– Ерунда, типичная зараза всех фермеров. Если бы ты выросла среди полей, ты бы тоже кашляла, – со смехом утверждал Тедди, вызывая улыбку и у доктора, и у Греты, хотя в поведении мужа она не находила ничего смешного.
– Полагаю, ничего серьезного, – высказывался доктор Ричардсон. – И все-таки я бы хотел вас осмотреть, если вы не против.
– Вообще-то против.
Пол на веранде был выложен плиткой, которую Тедди собственноручно изготовил в своей мастерской, янтарно-оранжевой, залитой черной цементной смесью. Зимой плитка так холодила ноги, что на полу невозможно было стоять даже в носках.
– Ну, тогда звоните, если станет хуже. – Доктор Ричардсон защелкивал замок своего портфеля и удалялся.
И Грета, которая больше всего мечтала быть хорошей женой и вовсе не хотела, чтобы муж в компании приятелей посмеивался над тем, какой ревнивой, вздорной и докучливой стала его жена, закладывала пряди волос за уши и говорила:
– Ладно, если Ричардсон тебе не нужен, тогда уж, будь добр, позаботься о себе как следует.
Та весна – весна 1918 года – запомнилась ей как самая зеленая, потому, что окна палаты в лечебнице, куда положили Тедди, выходили и на каньон Арройо-Секо, и на горы Сан-Габриэль. Пока Тедди спал, Грета сидела в кресле у окна и любовалась зеленью. Лечебница, расположенная на краю утеса, занимала рыжевато-коричневое оштукатуренное здание с колокольней, нависающей над сухим руслом. Лечебницу окружала тропинка, обрамленная розовыми кустами. Палаты имели форму ромба; окна с поворотными ручками выходили на юг и на север. У Тедди была белая металлическая кровать, и каждое утро санитарка, приходившая в палату, пересаживала его в кресло-качалку, а полосатый бело-синий матрас скатывала в рулон и укладывала в изножье кровати, где он лежал на голых пружинах, точно гигантская конфета-тянучка.

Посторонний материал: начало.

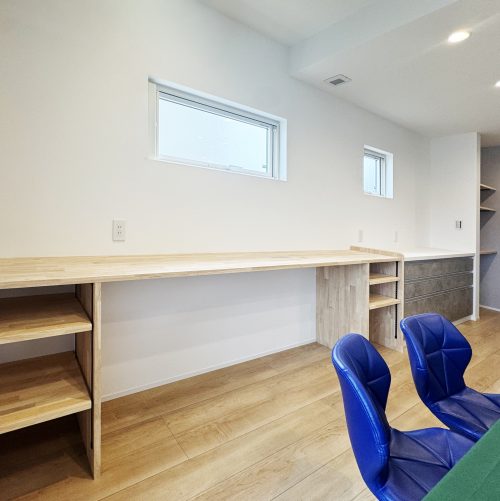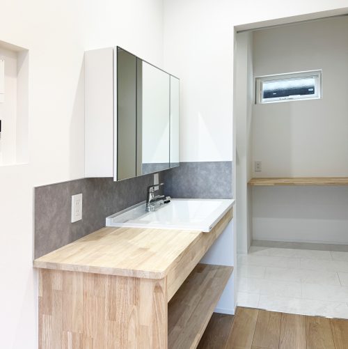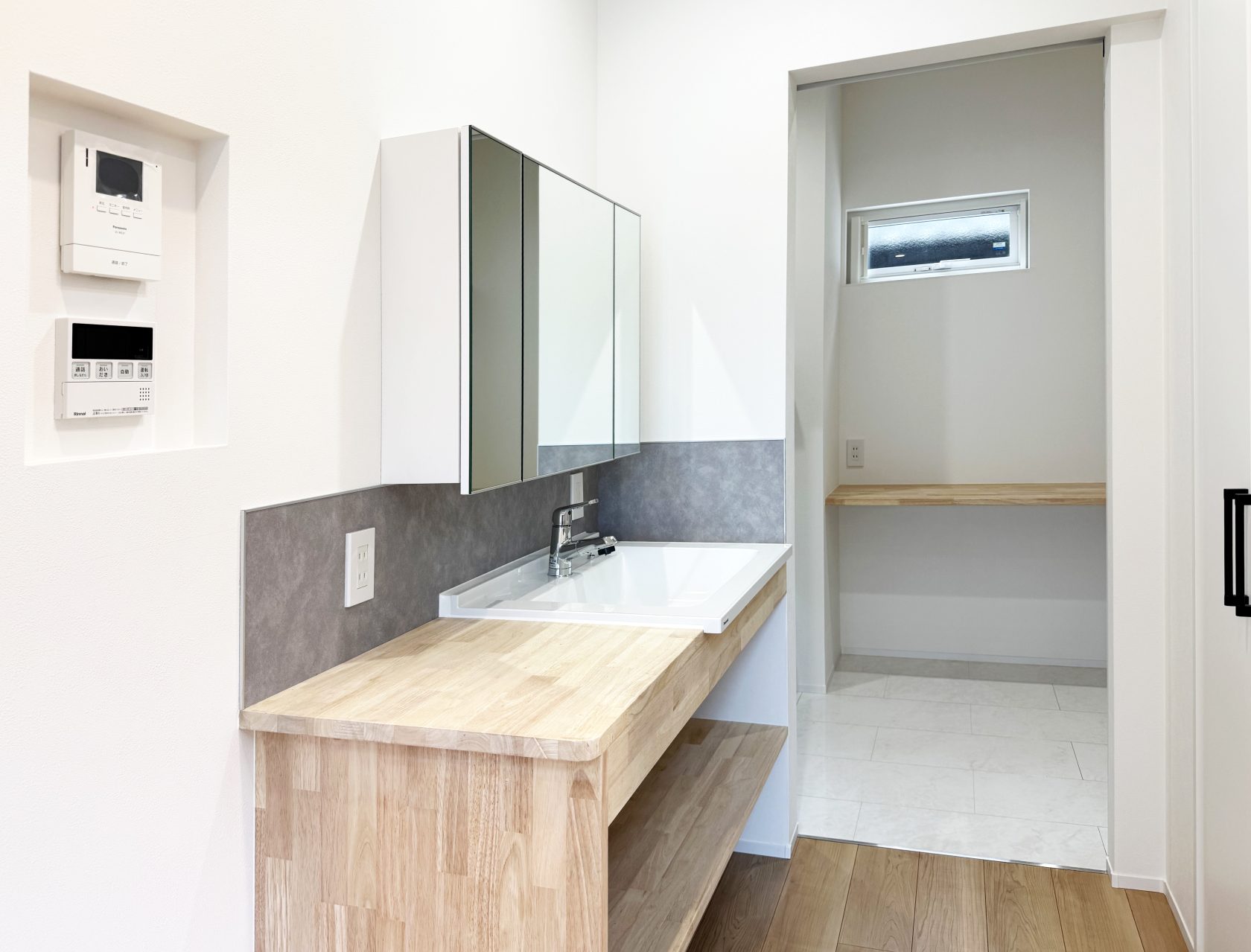 作業スペースが広く化粧等の動作をアシスト。背面には収納を備え拡張性ある空間へ。
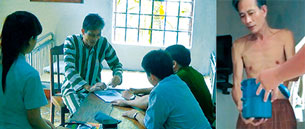 Tấm hình trên báo cand online với lời chú thích: Nguyễn Văn Hải trong buổi khám sức khỏe định kỳ (ngày 26/7) và nhận khẩu phần ăn từ cán bộ trại (ngày 28/7). Photo courtesy of cand online
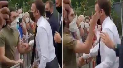 काठमाडौं । फ्रान्सका राष्ट्रपति इमानुएल माक्रोंमाथि दक्षिणी फ्रान्सको भ्रमणका क्रममा एक व्यक्तिले झापड हानेका छन्।बाटोमा
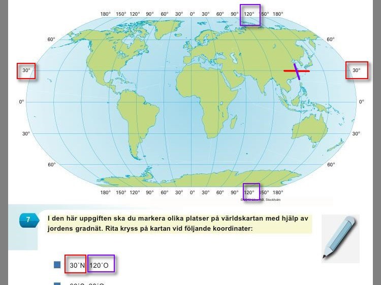 120 grader Ö betyder att man har gått vinkeln 120 grader österut från nollmeridianen (man har bestämt att den går genom stadsdelen Greenwich i London). Jag har markerat den longituden i lila.
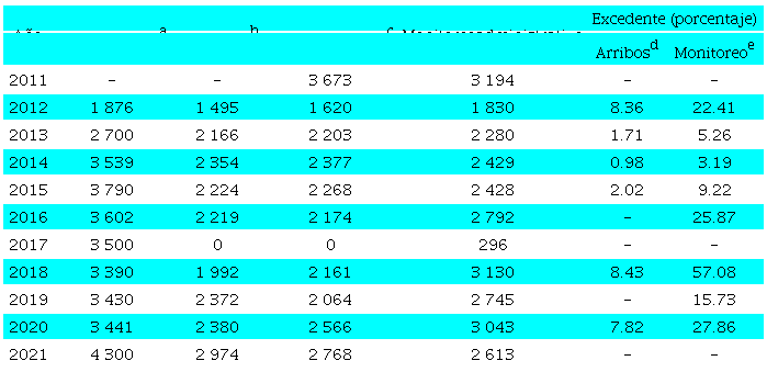 f El monitoreo de 2020 y 2021 se hizo de manera voluntaria.
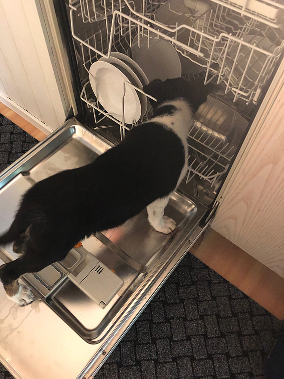 | Som för alla våra tidigare valpar, så ska diskmaskinen undersökas en gång före förbudet... |
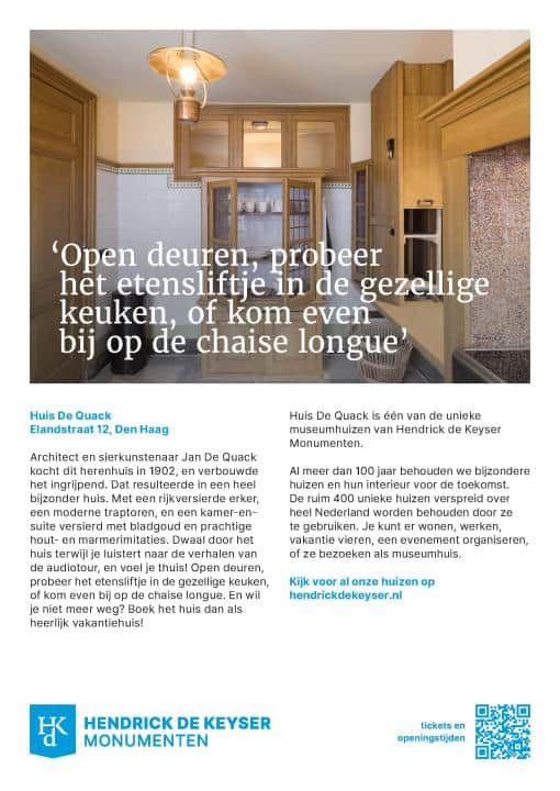 Architect en sierkunstenaar Jan De Quack kocht dit herenhuis in 1902, en verbouwde het ingrijpend. Dat resulteerde in een heel bijzonder huis. Met een rijkversierde erker, een moderne traptoren, en een kamer-en-suite versierd met bladgoud en prachtige houten marmerimitaties. Dwaal door het huis terwijl je luistert naar de verhalen van de audiotour, en voel je thuis! Open deuren, probeer het etensliftje in de gezellige keuken, of kom even bij op de chaise longue. En wil je niet meer weg? Boek het huis dan als heerlijk vakantiehuis!
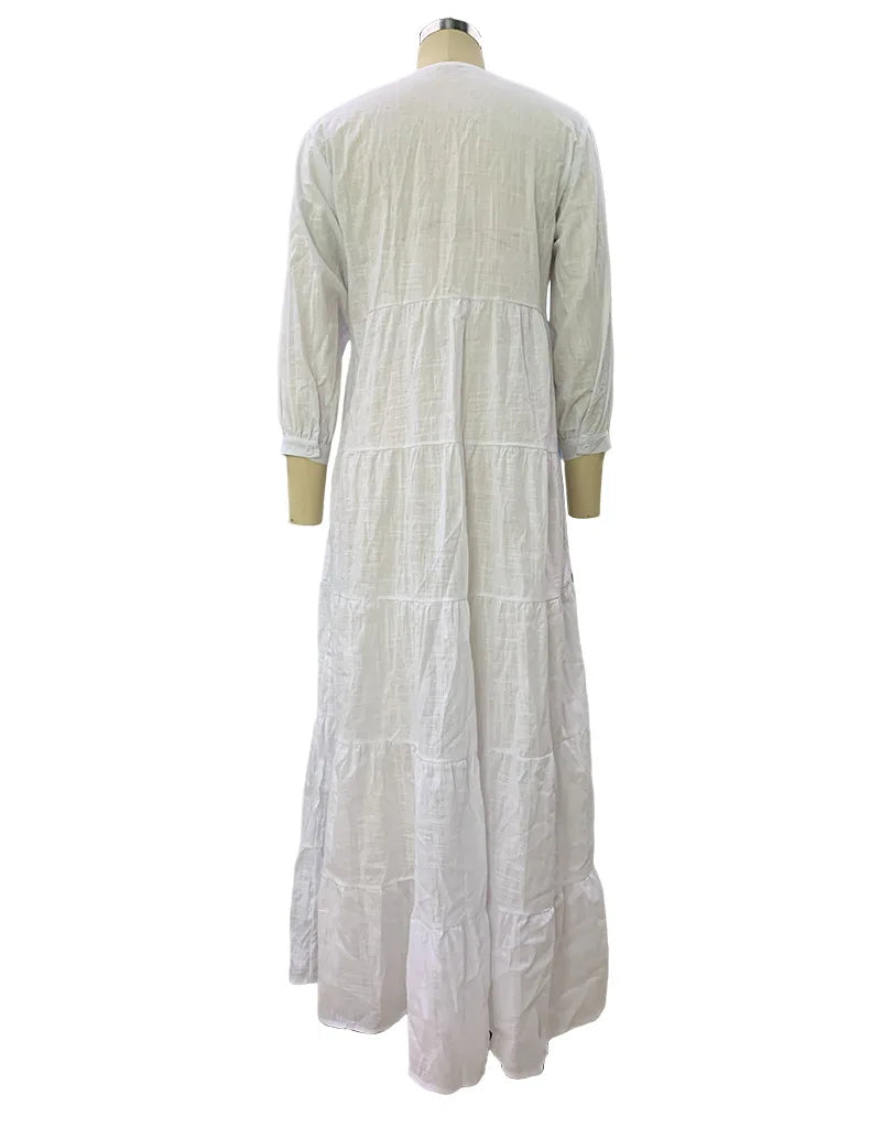 Lunivop Summer Loose Long Sleeve Dress Casual Single Breasted Holiday Dresses Women's V Neck Pattern Printed Bohemian Style

Тедди провел в лечебнице большую часть зимы, но состояние его не улучшалось, а напротив, с каждой неделей только ухудшалось. Щеки запали, в уголках глаз скапливалась слизь, похожая на свернувшееся молоко. По утрам, приходя к мужу, Грета первым делом протирала ему глаза краешком юбки, затем расчесывала волосы, от которых осталось лишь несколько бесцветных прядей. В иные утра лихорадка терзала его так сильно, что лоб покрывался испариной, однако Тедди до крайности ослабел и не мог даже поднять руку, чтобы утереть пот. Не раз Грета обнаруживала его в кресле-качалке таким: у окна, под солнцем, плавящимся от жара из-за высокой температуры и теплого фланелевого халата с поясом, который санитарка завязывала на его тощем животе. По его искаженному, задранному вверх лицу Грета понимала, что он пытался провести рукавом халата по лбу; капли пота катились по подбородку Тедди, как будто он попал под ливень. Но уже наступил март, зимние дожди прекратились, и вся Пасадена была нефритово-зеленой; вместо того чтобы вытравить туберкулез из легких и костей Тедди, яркий солнечный свет лишь разжигал внутри него огонь, так что еще до десяти утра и первого стакана сока кумквата, полагавшегося ему дважды в день, Тедди терял сознание, не выдержав жара.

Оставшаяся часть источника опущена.